About this exercise
Go to the line with "据@中央气象台:14时,沙尘已经影响到江南地区。" in the entries below and write out every line from there through the line with "Een bruine grote", exactly and without pictures.

Data for analysis
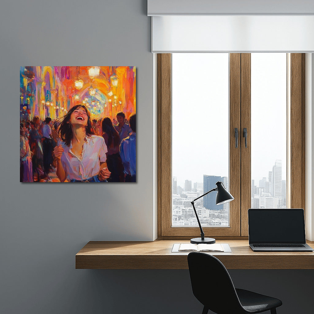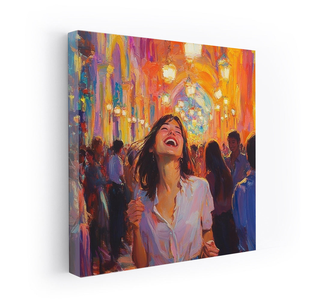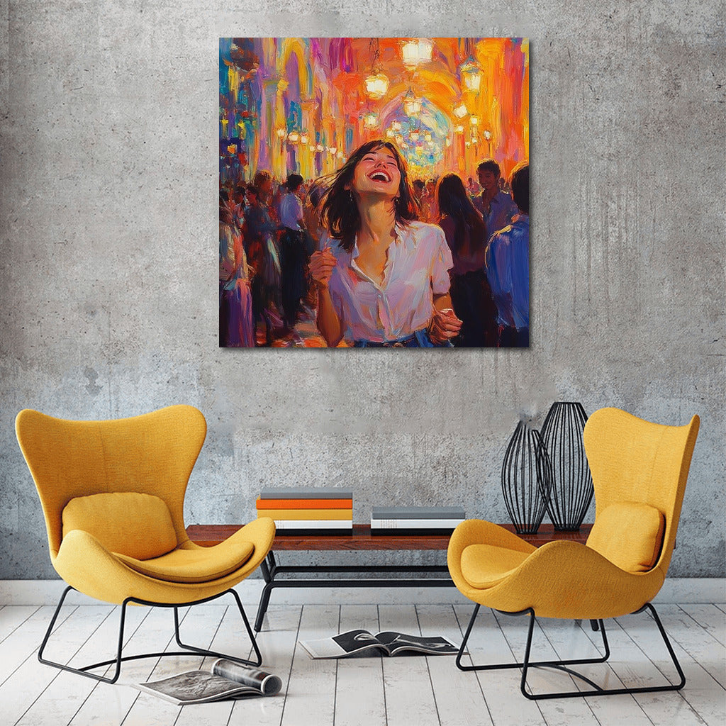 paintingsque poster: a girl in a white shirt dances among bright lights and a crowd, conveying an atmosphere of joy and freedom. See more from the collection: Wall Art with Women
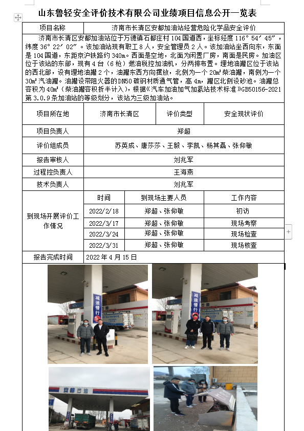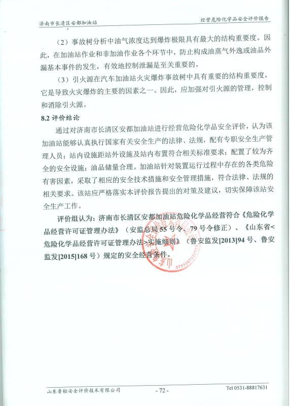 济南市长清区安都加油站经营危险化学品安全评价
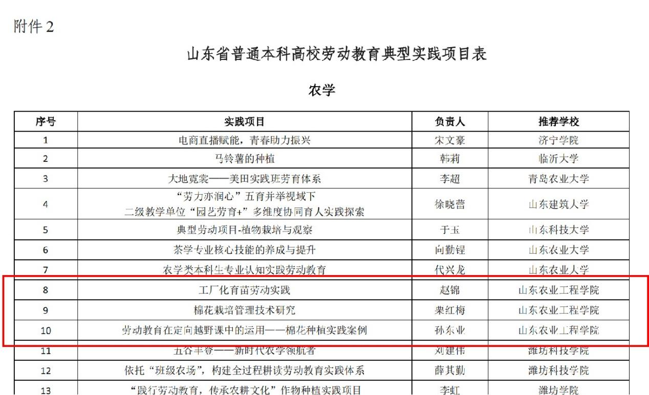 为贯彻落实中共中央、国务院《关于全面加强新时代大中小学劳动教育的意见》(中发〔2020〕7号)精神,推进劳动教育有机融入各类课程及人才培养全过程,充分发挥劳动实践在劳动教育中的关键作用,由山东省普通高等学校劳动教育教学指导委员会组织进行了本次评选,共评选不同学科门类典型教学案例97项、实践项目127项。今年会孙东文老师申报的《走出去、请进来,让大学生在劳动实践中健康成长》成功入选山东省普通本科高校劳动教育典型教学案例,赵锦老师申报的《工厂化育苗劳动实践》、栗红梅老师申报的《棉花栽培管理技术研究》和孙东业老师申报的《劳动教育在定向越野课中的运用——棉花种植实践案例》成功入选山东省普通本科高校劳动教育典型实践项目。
--
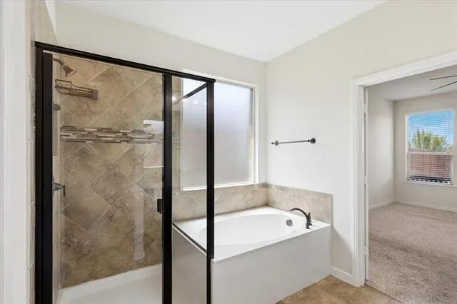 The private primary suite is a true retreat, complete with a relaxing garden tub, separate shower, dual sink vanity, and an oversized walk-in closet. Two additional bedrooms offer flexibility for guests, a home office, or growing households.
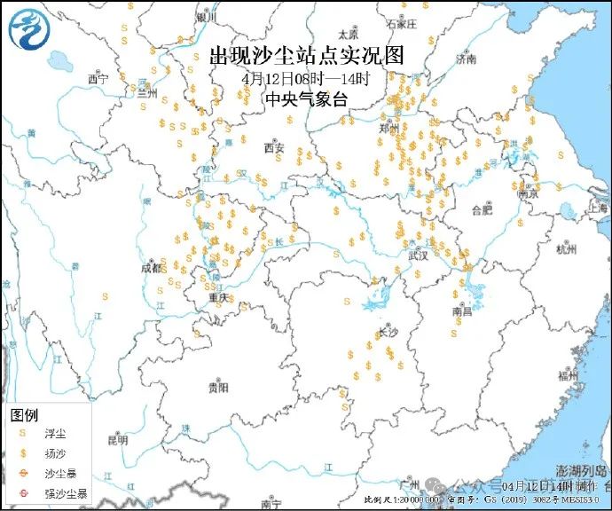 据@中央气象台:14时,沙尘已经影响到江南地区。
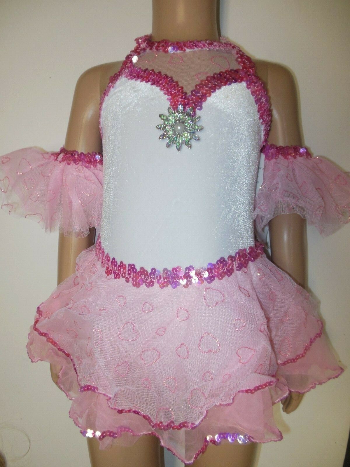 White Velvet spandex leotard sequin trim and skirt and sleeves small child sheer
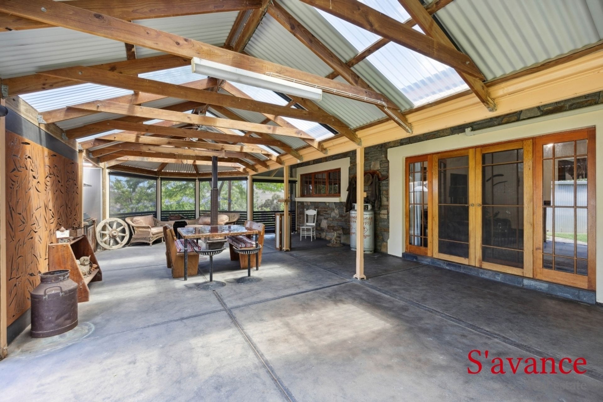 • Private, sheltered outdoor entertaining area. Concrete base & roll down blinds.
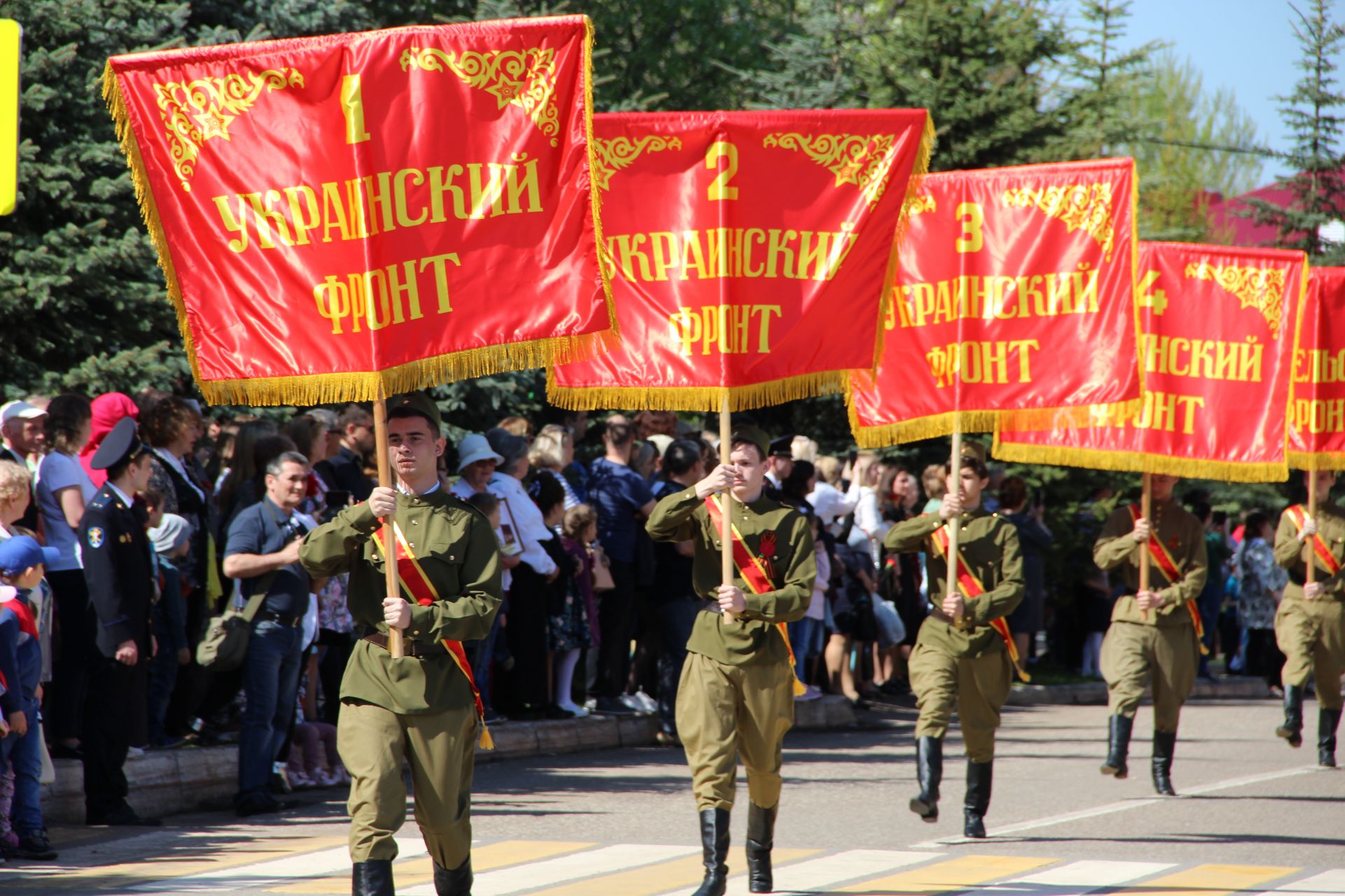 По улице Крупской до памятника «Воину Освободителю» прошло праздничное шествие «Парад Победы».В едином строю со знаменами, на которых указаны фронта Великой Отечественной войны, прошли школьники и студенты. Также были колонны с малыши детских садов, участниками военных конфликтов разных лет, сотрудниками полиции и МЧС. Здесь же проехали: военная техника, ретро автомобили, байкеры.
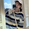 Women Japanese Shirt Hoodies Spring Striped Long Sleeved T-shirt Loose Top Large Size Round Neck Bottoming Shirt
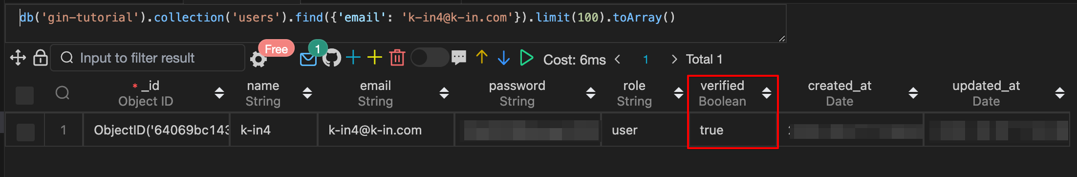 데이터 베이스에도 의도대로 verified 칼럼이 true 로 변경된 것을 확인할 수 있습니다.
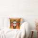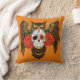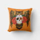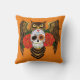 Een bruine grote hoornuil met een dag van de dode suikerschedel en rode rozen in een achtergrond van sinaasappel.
* * *
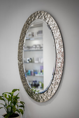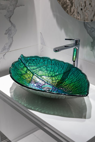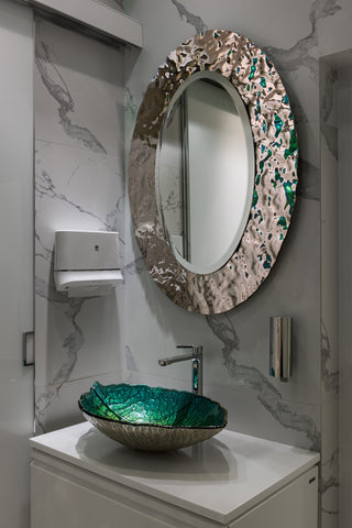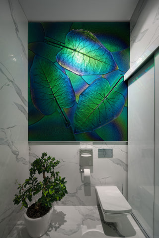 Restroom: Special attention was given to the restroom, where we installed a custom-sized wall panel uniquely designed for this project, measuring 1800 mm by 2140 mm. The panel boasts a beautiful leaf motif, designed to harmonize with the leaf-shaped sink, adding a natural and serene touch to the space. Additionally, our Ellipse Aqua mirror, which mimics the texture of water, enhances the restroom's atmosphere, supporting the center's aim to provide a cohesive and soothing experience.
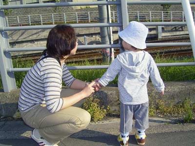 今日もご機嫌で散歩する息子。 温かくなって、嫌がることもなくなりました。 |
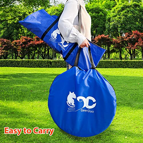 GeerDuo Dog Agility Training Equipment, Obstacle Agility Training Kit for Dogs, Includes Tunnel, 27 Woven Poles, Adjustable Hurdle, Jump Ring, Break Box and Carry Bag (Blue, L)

Finished exercise
 据@中央气象台:14时,沙尘已经影响到江南地区。
 White Velvet spandex leotard sequin trim and skirt and sleeves small child sheer
 • Private, sheltered outdoor entertaining area. Concrete base & roll down blinds.
 По улице Крупской до памятника «Воину Освободителю» прошло праздничное шествие «Парад Победы».В едином строю со знаменами, на которых указаны фронта Великой Отечественной войны, прошли школьники и студенты. Также были колонны с малыши детских садов, участниками военных конфликтов разных лет, сотрудниками полиции и МЧС. Здесь же проехали: военная техника, ретро автомобили, байкеры.
 Women Japanese Shirt Hoodies Spring Striped Long Sleeved T-shirt Loose Top Large Size Round Neck Bottoming Shirt
 데이터 베이스에도 의도대로 verified 칼럼이 true 로 변경된 것을 확인할 수 있습니다.
 Een bruine grote hoornuil met een dag van de dode suikerschedel en rode rozen in een achtergrond van sinaasappel.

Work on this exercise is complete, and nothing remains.